Monday, 30 April 2012

Man to Mouse, not Mouse to Man Experts Laud Reverse Pharmacology of Ayurveda

It may sound like asking Shakespeare to appear for BA examination in English, but such are the ways of the world. Ayurveda is well known to work. And it works very well too, especially in chronic disorders where many modern systems of medicine bite the dust. But for reasons of regulatory compliance, the powers that be often ask for data in black and white. Not just in animals but in patients as well. And such demands come from practicing doctors too, who are not exactly Doubting Thomases but need reassurance on herbal medicines from time to time. So it is time for time-tested Ayurveda to subject itself to an examination that it had already passed with flying color millennia ago. That is the time for reverse pharmacology (RP).

While drug discovery around the world is focused on moving drugs from test tubes to mice to men, the process of reverse pharmacology, as the name suggests, takes the reverse route. "The drugs are studied in this technology through a total shift in paradigm where the effects of drugs or natural products in humans are considered supremely important," says Dr Ashok D B Vaidya, well known expert in Ayurveda as well as allopathy.

While the conventional path of Ayurvedic Medicines starts with a hypothesis, there is no idea about how the humans will react or respond to a particular drug. That is one reason why it starts from molecules to mice and finally goes on to men.

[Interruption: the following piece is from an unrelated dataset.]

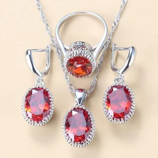 Srebrny komplet biżuterii z cyrkoniami - Czerwony 10
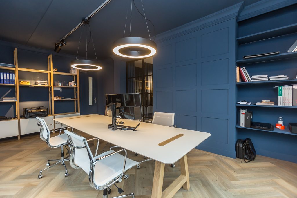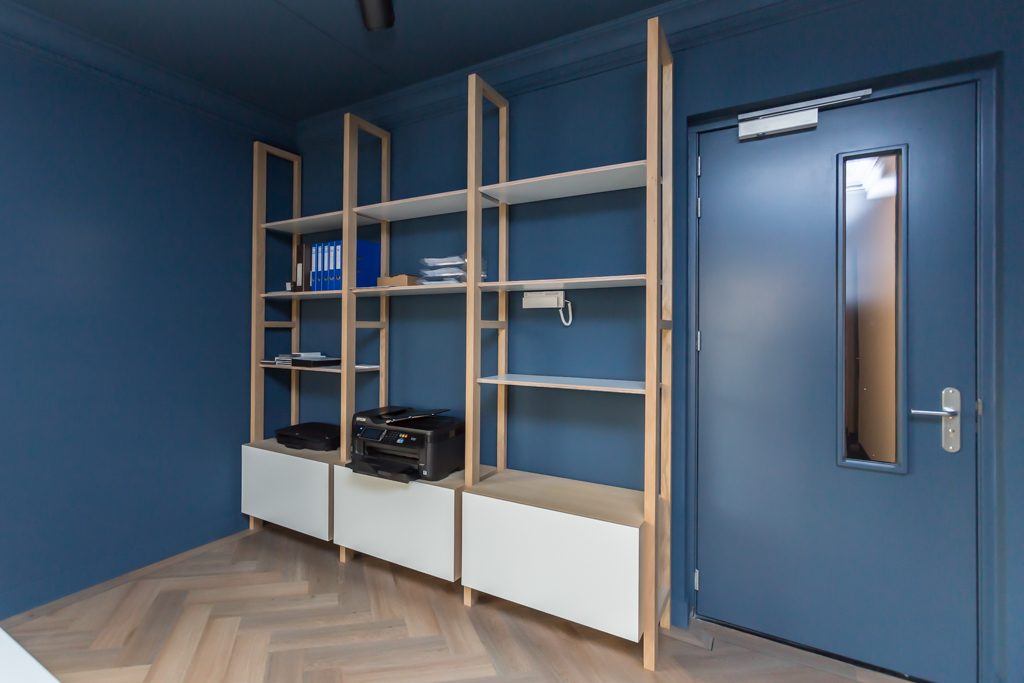 De gehele studio is geschilderd in een diepe blauwtint, inclusief het plafond. Deze keuze brengt rust in de overvloed aan daglicht en tilt de eiken PVC-vloer visueel omhoog, waardoor de ruimte warmte en verfijning krijgt.

But in contrast to that, RP starts with the known clinical drug effect and safety. "RP is beneficial because you already have a starting point through which you know that the molecule is non-toxic and has some effect on humans," says Dr Rama Mukherjee, a leading figure in drug research in India.

The RP avenue offers the benefit of conducting limited trials and simultaneously demonstrating safety and efficacy in clinical and pre-clinical studies. Besides, efficacy criteria can be modulated as per clinical needs. The RP route is thus faster and more cost-effective. In contrast, the conventional drug discovery approach of screening tens of thousands of molecules and their biological targets is time-consuming, and expensive. According to Vaidya, the success rate through RP is one in ten, whereas the current success rate through conventional method of R&D is one in 50,000.

Some hot pursuit trails in reverse pharmacology are given below:
•    Tinospora cordifolia for cancer
•    Curcuma longa for precancerous mouth lesions
•    Commiphora wightii and Withania somnifera for arthritis
•    Terminalia arjuna for coronary heart disease
•    Picrorrhiza kurroa as hepatoprotective
•    Saraca asoca for menorrhagia

A blue-blooded pharmacology baptized in allopathic faith may frown on reverse pharmacology. Our medical colleges too may turn a blind eye and not bother to include it in their syllabus. But reverse pharmacology has arrived in style. And it is here to stay. Much to the relief of millions of practitioners of traditional Ayurvedic Products and the delight of the faithful.